Now, with the November schedule looming, Miami is back on center stage—undefeated and preparing for consecutive home games against Virginia Tech and Notre Dame that will tell us if these ‘Canes are for real as a national contender.
Miami has been mostly under the radar. The oddsmakers in Las Vegas aren’t really buying in. Miami’s 40-1 price to win the national championship ties them for 11th in the country—behind seven teams that have already lost a game and more on par with two-loss Auburn (50-1) that no one takes seriously as a title contender.
The skepticism is due to the fact the Hurricanes have mostly won ugly. The wins over Florida State, Syracuse, Georgia Tech and North Carolina have all been by eight points or less. Beating FSU looks considerably less impressive every week. The problem has been with the offense.
Miami’s offense ranks 42nd in the nation in points scored. Quarterback, Malik Rosier, has some big-play capability and stays away from mistakes, but his 57% completion percentage is a little inefficient in this day and age. Rosier also banged up his shoulder last week in North Carolina and while he’s expected to play, no one is quite sure what to expect.
What the Hurricanes can do is play defense. This side of the ball ranks 20th in the country and the lineup is sprinkled with playmakers. Chad Thomas at defensive end is well-regarded by NFL scouts. Trent Harris on the other edge has taken advantage and been a playmaker. Demetrius Jackson anchors the interior of the line and can also make plays behind the line of scrimmage. Michael Pinckney is a playmaker at linebacker.
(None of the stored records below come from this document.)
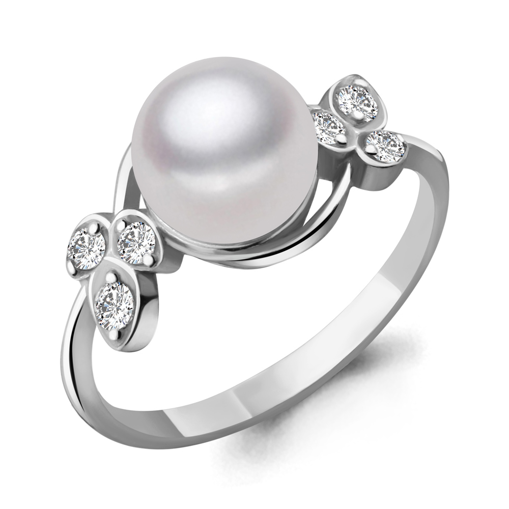61774А Кольцо из Золота с культ. жемчугом аа, фианитами
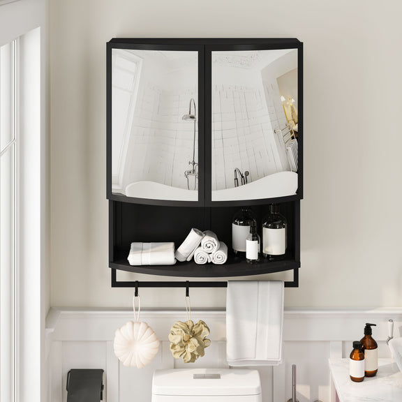 Arched Glass Double Door Wardrobe With Shatterproof Mirror, Open Shelf & Towel Rack - Black
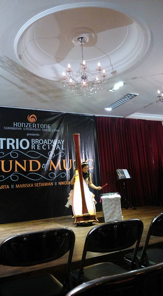 Surabaya Symphony Orchestra Conservatory Hall Surabaya, Rabu lalu, 10 juni 2015 sejak pukul 18.30 sudah tampak ramai. Konzertone : Trio Broadway Recital kali itu adalah penyebabnya. Di ruangan dan panggung yang tak terlalu besar, justru menjadikan konser ini bersuasana santai dan akrab. Ketika break, audiens disuguhkan berbagai jenis kudapan manis. Macaroon, fruit cake, mini doughnut, biscuit, dan lain sebagainya disajikan di taman belakang yang memberikan nuansa hangat pada recital kali ini.

Dee Delaney at corner will play on Sundays. And if you throw away from Delaney, the other corner, Michael Jackson, already has four interceptions.
That defense might be enough. Miami will have homefield in this two big games. Virginia Tech is good, but not great. I suspect the same is true of Notre Dame, although the Irish seem to be gaining steam each week.
Making the College Football Playoff still looks like a longshot—if Miami sweeps these two games, a home game at Virginia on November 18 is no gimme and neither is a Black Friday visit to Pitt. To say nothing of a possible ACC Championship Game date with Clemson.
But if the Hurricanes get as far as the ACC title game, they’ll be in a position to end their major bowl drought and at least get a ticket to the Orange Bowl. Most important, they’ll have ended their improbable 0-for-13 run in pursuing Coastal Division titles, a possibility no one remotely considered when they joined the ACC.